5 Go-to-Market Lessons from Verdant Robotics’ Journey to Product-Market Fit
Technical founders often believe groundbreaking technology will sell itself. But Verdant Robotics’ journey from academic robotics to agricultural technology reveals a different story. In a recent episode of Category Visionaries, founder Gabe Sibley shared critical lessons about building and scaling deep-tech products. Here are the key insights that shaped their go-to-market success:
- Intensive Customer Discovery Beats Perfect Technology
The conventional playbook for technical founders often prioritizes product development over customer engagement. Verdant Robotics flipped this approach, spending their first six months in deep customer discovery. As Gabe explains: “We spent the first six months of this business on the road listening to growers… It was a two way dialogue.

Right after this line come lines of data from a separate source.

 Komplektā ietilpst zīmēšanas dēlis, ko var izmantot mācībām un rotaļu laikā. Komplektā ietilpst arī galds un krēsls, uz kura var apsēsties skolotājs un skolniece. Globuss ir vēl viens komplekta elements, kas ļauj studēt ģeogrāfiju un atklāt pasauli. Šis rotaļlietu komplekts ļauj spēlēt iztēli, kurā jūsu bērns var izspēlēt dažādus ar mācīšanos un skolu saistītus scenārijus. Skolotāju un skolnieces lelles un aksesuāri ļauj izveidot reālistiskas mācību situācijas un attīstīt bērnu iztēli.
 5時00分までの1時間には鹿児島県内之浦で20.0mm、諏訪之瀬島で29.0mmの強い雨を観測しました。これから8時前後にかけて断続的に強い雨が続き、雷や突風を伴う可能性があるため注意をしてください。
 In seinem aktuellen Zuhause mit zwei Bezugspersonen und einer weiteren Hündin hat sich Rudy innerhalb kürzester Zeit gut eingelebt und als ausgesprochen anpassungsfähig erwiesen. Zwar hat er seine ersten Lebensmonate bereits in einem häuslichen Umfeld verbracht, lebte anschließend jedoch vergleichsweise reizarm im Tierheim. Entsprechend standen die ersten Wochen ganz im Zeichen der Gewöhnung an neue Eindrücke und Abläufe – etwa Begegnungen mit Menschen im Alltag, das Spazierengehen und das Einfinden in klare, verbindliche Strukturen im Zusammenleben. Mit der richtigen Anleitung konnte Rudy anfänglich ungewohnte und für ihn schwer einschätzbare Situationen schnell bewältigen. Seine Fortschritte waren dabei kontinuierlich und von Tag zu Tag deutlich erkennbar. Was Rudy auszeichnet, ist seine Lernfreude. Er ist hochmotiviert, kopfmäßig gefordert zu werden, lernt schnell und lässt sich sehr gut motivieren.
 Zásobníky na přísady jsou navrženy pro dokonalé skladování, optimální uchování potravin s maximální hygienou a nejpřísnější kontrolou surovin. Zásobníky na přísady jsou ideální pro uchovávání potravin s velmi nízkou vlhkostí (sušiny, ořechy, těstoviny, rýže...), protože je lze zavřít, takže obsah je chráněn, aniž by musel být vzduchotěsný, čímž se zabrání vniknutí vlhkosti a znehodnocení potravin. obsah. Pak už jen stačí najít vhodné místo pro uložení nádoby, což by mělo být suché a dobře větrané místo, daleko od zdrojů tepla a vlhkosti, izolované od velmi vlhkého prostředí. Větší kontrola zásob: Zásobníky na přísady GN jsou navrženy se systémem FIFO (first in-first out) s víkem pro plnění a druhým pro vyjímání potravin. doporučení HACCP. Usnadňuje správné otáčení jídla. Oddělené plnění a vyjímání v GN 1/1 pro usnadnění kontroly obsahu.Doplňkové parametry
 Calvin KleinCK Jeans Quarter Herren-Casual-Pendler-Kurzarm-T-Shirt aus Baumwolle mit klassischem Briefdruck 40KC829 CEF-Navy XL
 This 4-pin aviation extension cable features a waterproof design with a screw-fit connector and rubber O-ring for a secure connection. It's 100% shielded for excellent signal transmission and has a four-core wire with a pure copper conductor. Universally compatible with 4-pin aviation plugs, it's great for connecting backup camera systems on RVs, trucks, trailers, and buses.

I was trying to peek people’s imagination around what was technically possible, but at the same time, really listening to try and understand what are the problems that you actually face.”
This intensive customer development led to crucial insights about market opportunities. According to Gabe: “There was a number of aha moments where we recognized, hey, we’re sort of uniquely well suited to do that. Technically, it’s a very defensible play for us to do that, and a lot of value for the grower if we can pull it off.”

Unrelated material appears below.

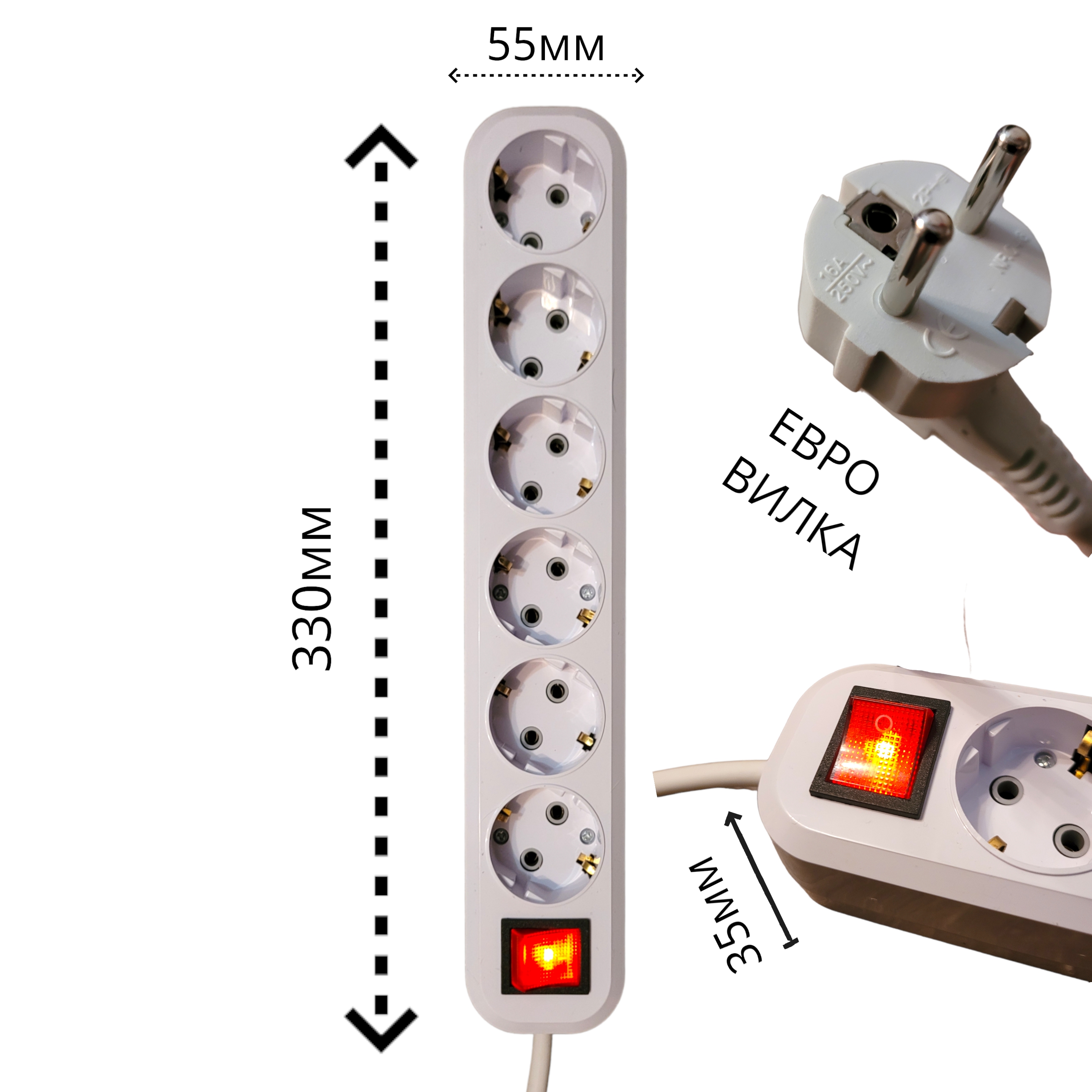 Сетевой фильтр 5 метров от "MAXIMUM QUALITY TOOLS" создан с 6 розетками и евровилкой. Корпус выполнен из белого негорючего АБС-пластика и подходит для использования только внутри помещений-степень влагозащиты IP 20. Розетки с заземлением расположены под углом 45 градусов.

- Challenge Market Assumptions
Many technical founders make assumptions about their target market’s sophistication or willingness to adopt new technology. Verdant discovered these assumptions often prove false. As Gabe emphasizes: “Growers are totally switched on businessmen, right? Like they run very complicated businesses. I’ve never seen a business that’s more econ 101 in terms of supply and demand and the quickness that these guys have to act.”
- Let Customer Preference Drive Business Model
While many founders stick rigidly to their initial business model, Verdant demonstrated the value of flexibility. Their original plan to offer their technology as a service shifted when customers expressed different preferences. Gabe recalls: “I think we wanted to run it as a service and as a service that looks really good, and the growers want it as something they can buy.” Their willingness to adapt proved crucial: “If the customer wants it like x, you say okay… ultimately the value is there and how you get that in the hands of the growers almost doesn’t matter.”
- Build Complementary Founding Teams
Technical founders often partner with other technical co-founders. However, Verdant’s success stemmed from combining technical expertise with deep industry knowledge. Gabe advises: “Go into business with somebody that knows the market deeply and is respected in the market that you want to be in. I don’t know how you would do it otherwise.”
- Align Investor Relationships with Long-term Vision
Many technical founders view investor relationships as necessarily adversarial. Gabe challenges this perspective: “I see a lot of advice for founders that’s adversarial to investors and to your board. I think that’s kind of crazy, actually. If you really think about it, your interests are totally aligned. You just want to succeed.”
His advice focuses on finding truly aligned partners: “If you do your job as a Founder and you find investors that are really aligned with you that really can help you have connections and relationships that can help you… might as well do it with people that you like working with.”
The central theme across these lessons is clear: technical excellence alone doesn’t guarantee market success. Verdant’s most actionable advice for technical founders emphasizes rapid market engagement: “Get out early and sell it as early as you can so you can get some scar tissue. Just start getting scar tissue from your customer fast as you possibly can.”
This approach of combining deep technical expertise with intensive customer development, flexible business models, and strategic partnerships offers a blueprint for technical founders looking to build successful deep-tech companies. The key is not just building revolutionary technology, but ensuring it solves real market problems in ways that align with customer preferences and business realities.